A
Partilha,
de Daniel Filho
A Partilha, Brasil, 2001
Há algo a se dizer em favor de A
Partilha. É o fato evidente de que agradará bastante
a alguns, e isso é certamente algo significativo, assim como já
aconteceu com o produto anterior da Globofilmes, O Auto da Compadecida.

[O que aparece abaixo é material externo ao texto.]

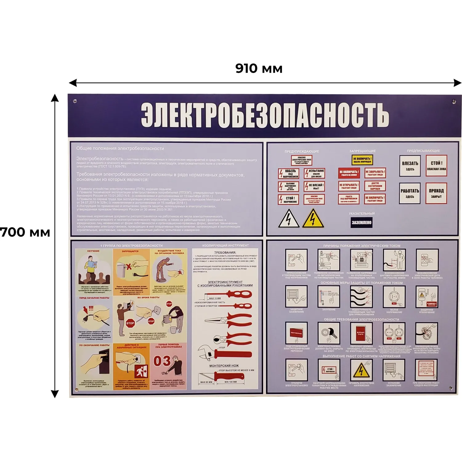 О товаре «Информационный стенд-плакат Электробезопасность (910х700 мм)»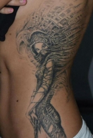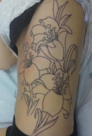 侧肋黑白美丽的兰花蝴蝶纹身图案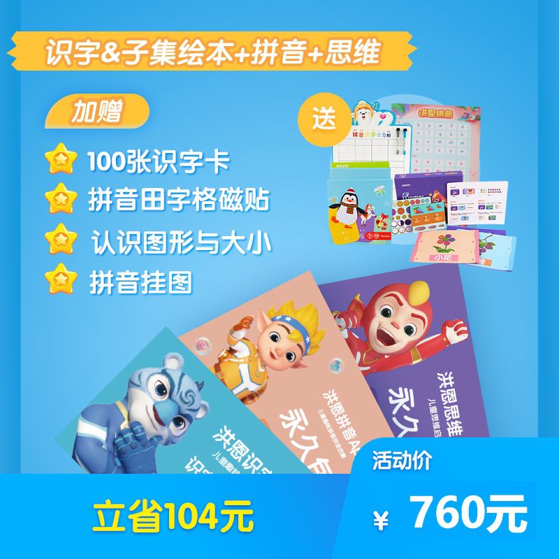 【洪恩组合会员88折丨永久包】识字子集绘本➕拼音➕思维,赠识字卡100张+拼音田字格磁贴+拼音挂图+认识图形与大小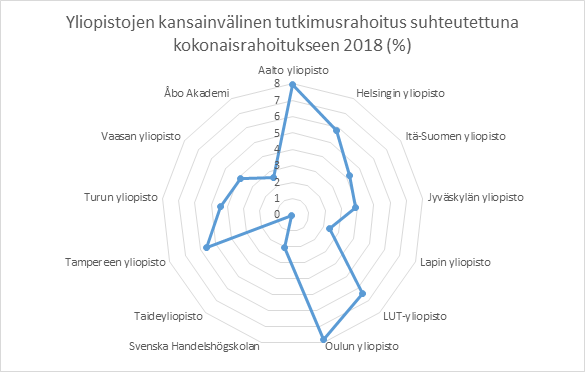 Kansainvälisen tutkimusrahoituksen rahavirrat eivät jakaannu tasaisesti Suomen yliopistoille. Rakennerahastorahoitus on erittäin merkittävää varsinkin Oulun yliopistolle (kaavio 17). Erityisesti luonnontieteet, tietojenkäsittelytiede ja tekniikka hyötyvät aluekehitysrahoituksesta (kaavio 16). Sen sijaan lääketieteen tutkimusta ei juurikaan rahoiteta aluekehitysrahoituksella. Myös Lappeenrannan-Lahden teknillinen yliopisto ja Itä-Suomen yliopisto hyötyvät sijainnistaan tukialueella. Kansainvälistä rahoitusta tulee eniten tekniikan aloille. Hyvin lähellä sitä ovat luonnontieteet ja seuraavana lääketiede. Aalto yliopisto, Oulun yliopisto ja Lappeenrannan-Lahden teknillinen yliopisto saavat eniten kansainvälistä rahoitusta suhteutettuna kokonaisrahoitukseen (kaavio 18). Helsingin yliopisto saa euromääräisesti eniten kansainvälistä rahoitusta.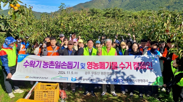 이번 일손돕기에는 광주농협(조합장 김순택), 광산구시설관리공단(이사장 임영일), 북구시설관리공단(이사장 나기백), 광주관광공사(사장 김진강) 임직원 50여 명이 참여했으며, 단감 수확 및 선별작업, 마을 주변 영농폐기물을 수거하는 등 부족한 농촌 일손에 힘을 보탰다.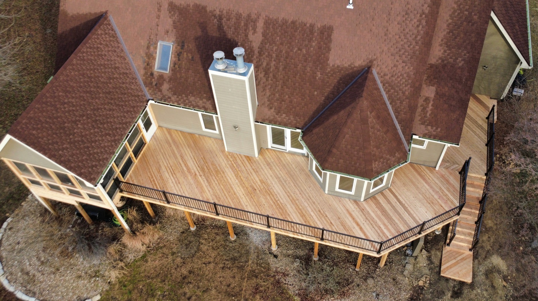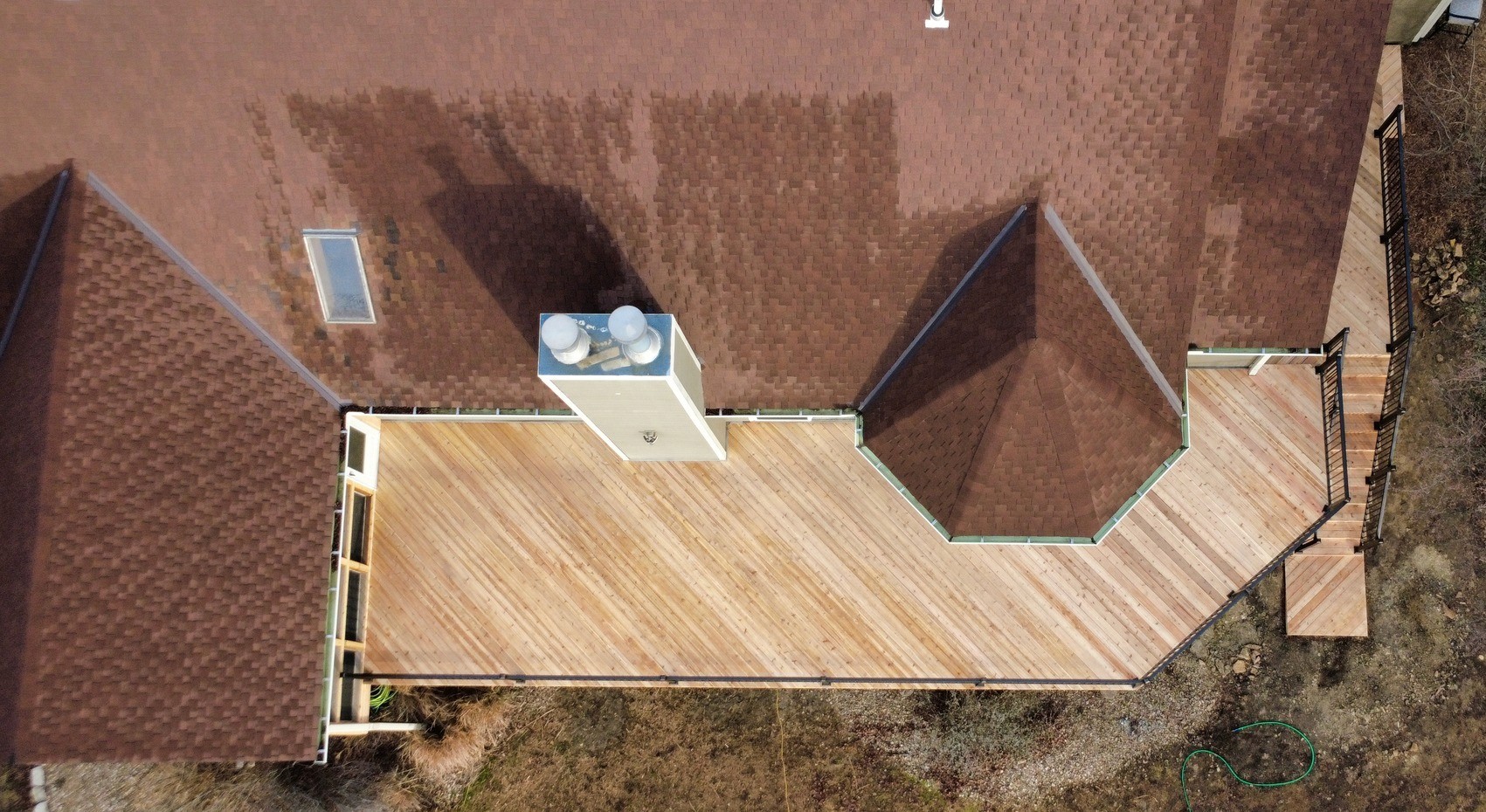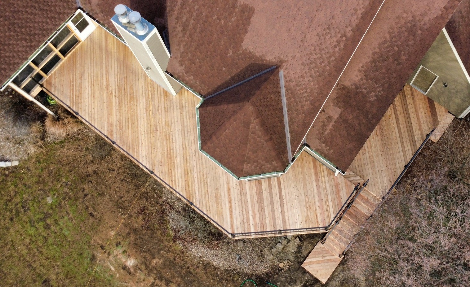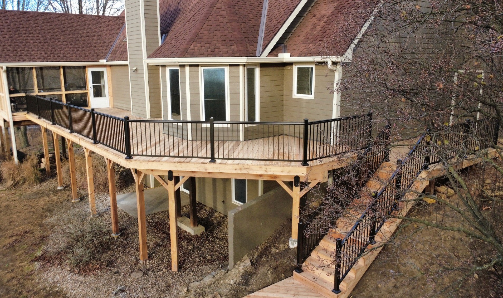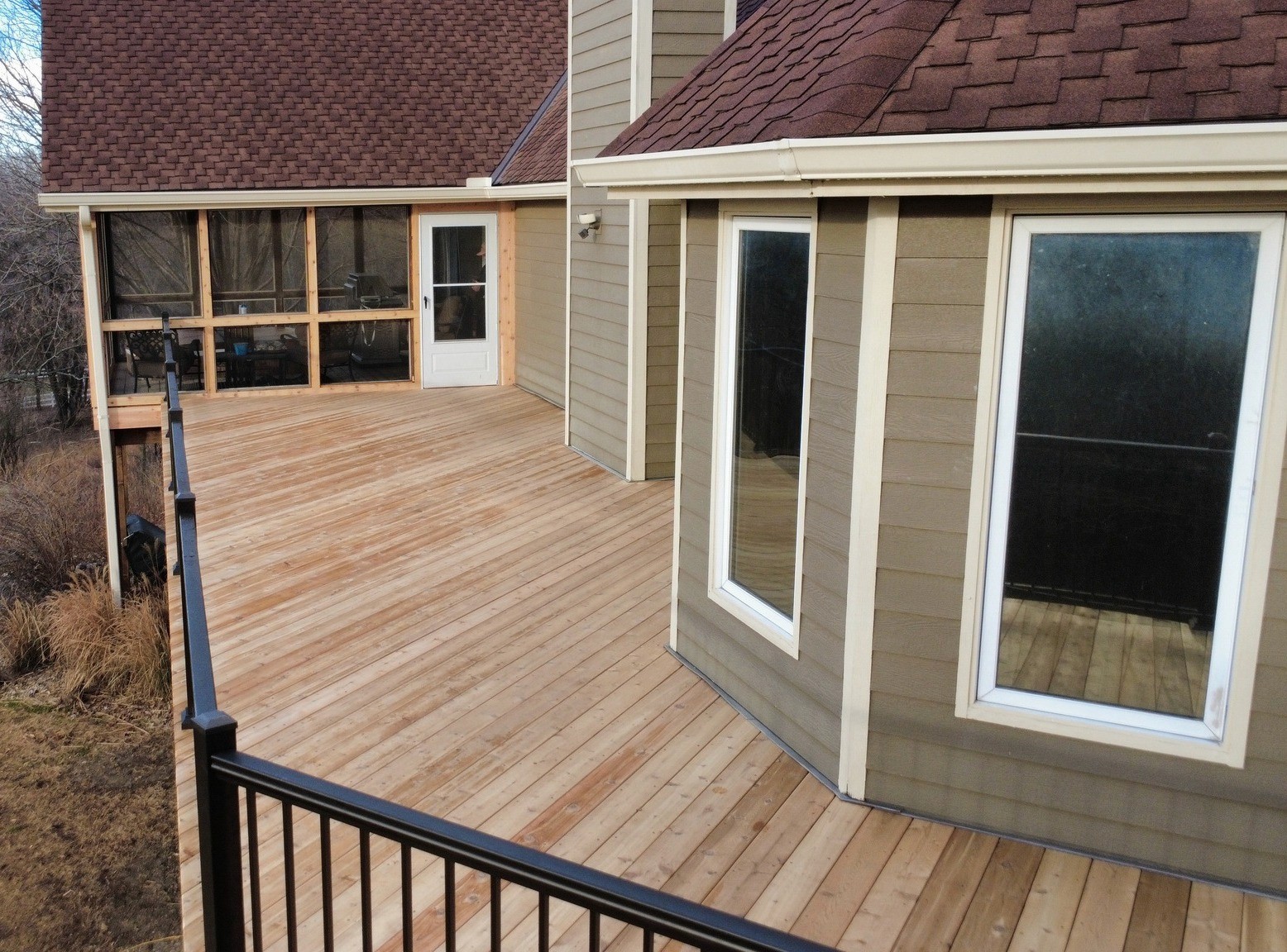 This custom deck upgrade now boasts 825 sq. ft. of living space, featuring Red Cedar decking paired with Bronze Aluminum Railing creating a perfect blend of durability and style.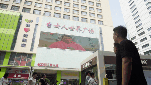 湾里庙步行街多处电子屏轮播五一惠民书市的消息,吸引市民驻足观看

Notar e mesmo criticar a origem televisiva de sua concepção
seria um pouco chover no molhado. Mais importante e complicado será
admitir que há sim um interesse de muitos por produtos cinematográficos
próximos da estética televisiva. Podemos nos posicionar
contra essa tendência ou a favor, com ou sem reservas, cada um a
seu critério. O que não é possível é
negar a legitimidade de uma opinião coletiva que espera ver filmes
"com a mesma qualidade das novelas".
Diante disso, podemos julgar A Partilha
pelo critério a que se propõe, um filme com o padrão
Globo de qualidade. Sob esse aspecto podemos então entender a empatia
que o filme pode estabelecer com outros espectadores, seja porque estes
passam por situações semelhantes, uma vez que o filme fala
de um tema comum à classe média, seja apenas porque o filme
se deixa ver, com rostos familiares para qualquer casa que tenha uma televisão.

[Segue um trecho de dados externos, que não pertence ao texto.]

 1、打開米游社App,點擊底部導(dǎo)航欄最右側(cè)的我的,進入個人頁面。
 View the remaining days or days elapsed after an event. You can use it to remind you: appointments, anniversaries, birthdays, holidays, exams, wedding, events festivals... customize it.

Mas o fato é que mesmo dentro desse
critério o filme não ganha brilho, seja pela mão
pesada nas seqüências sem diálogo, não existentes
na peça, seja pela incapacidade de surpreender da dramaturgia original.
A intenção de "falar ao coração"
do espectador não funciona justamente por sua falta de sutileza.

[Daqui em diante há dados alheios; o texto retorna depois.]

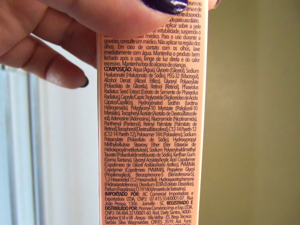 Textura leve, fluída e amarelo queimado indo para o transparente. Fácil aplicação. Deixa o rosto renovado, bem cuidado e hidratado. Rentabilidade baixa indo para a média.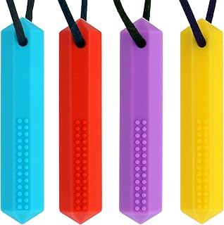 Sensorische Kau-Halsketten (4 Stück) für Kinder mit Zahnung, ADHS, Autismus, Beißbedürfnisse, orale Motorik-Kaubeißring, Silikon-Kauschmuck für Jungen und Mädchen (Stil 1)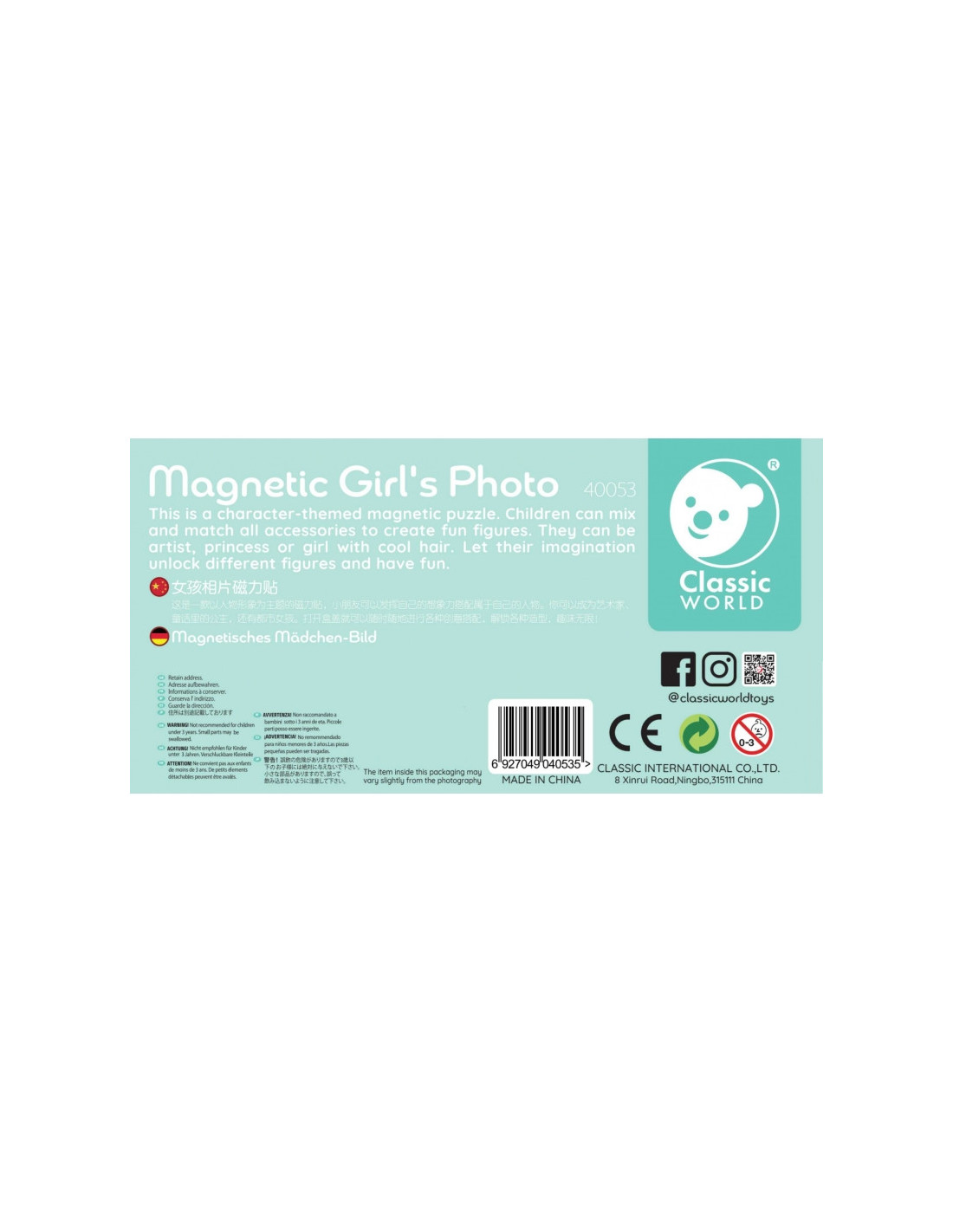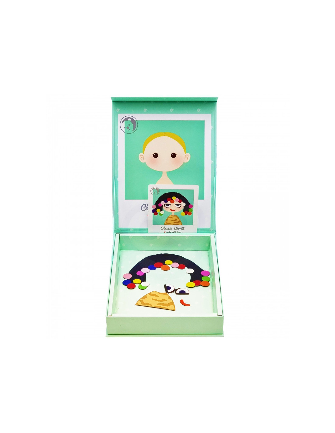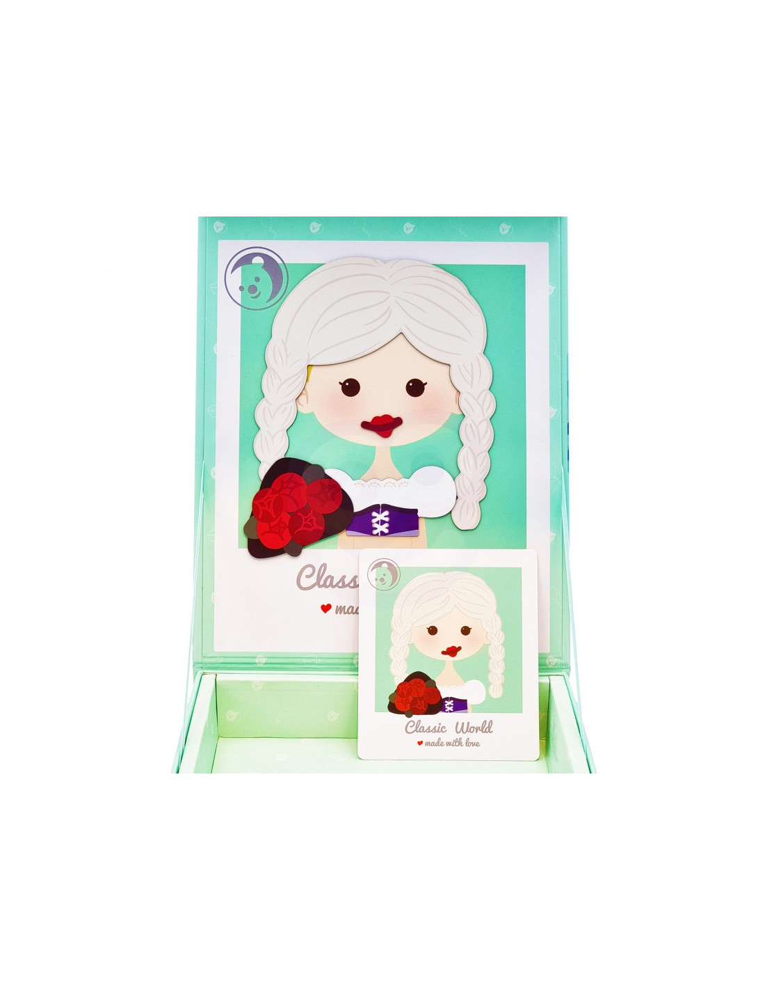 Ši magnetinė CLASSIC WORLD dėlionė užims jūsų vaiką valandų valandas. Rinkinį sudaro 44 detalės, įskaitant 8 korteles su mergaičių piešiniais. Vaikai gali laisvai derinti detales ir sukurti įvairius šaunius, madingus drabužius bei įvaizdžius. Stiprūs magnetai užtikrina, kad nė viena detalė nenukris. Pakuotė patogi, todėl ją lengva pasiimti bet kur. Žaidimas lavins jūsų vaiko vaizduotę ir kūrybiškumą.

A discussão mais complicada que nos
proporciona essa Partilha está fora da tela, e trata do
modo de produção do filme. Será que os filmes produzidos
pela superpoderosa rede de televisão devem ter o apoio de leis
e patrocínios? Será que teremos novos filmes ou isto é
uma tentativa efêmera? Como será então o formato de
produção de possíveis novos produtos? Há a
possibilidade do monopólio na rede televisiva se estender à
área de produção cinematográfica?
Estas dúvidas estão fora da
tela, mas moldarão muitas opiniões a priori. A
Partilha, no entanto, está desprovida do encanto que possibilitaria
transformar idéias e avançar nas propostas. Fica como exemplo
evidente de que a falta de coragem e originalidade e o mau gosto que imperam
na televisão brasileira podem sim se fazer mostrar no cinema através
da sua mais poderosa e simbólica representante. É pena.
Há, sim, alguns momentos em que percebemos os consideráveis
talentos envolvidos no projeto. Mas a lembrança que fica, se houver,
remete muito mais a um produto de uma mega-estrutura ainda incipiente.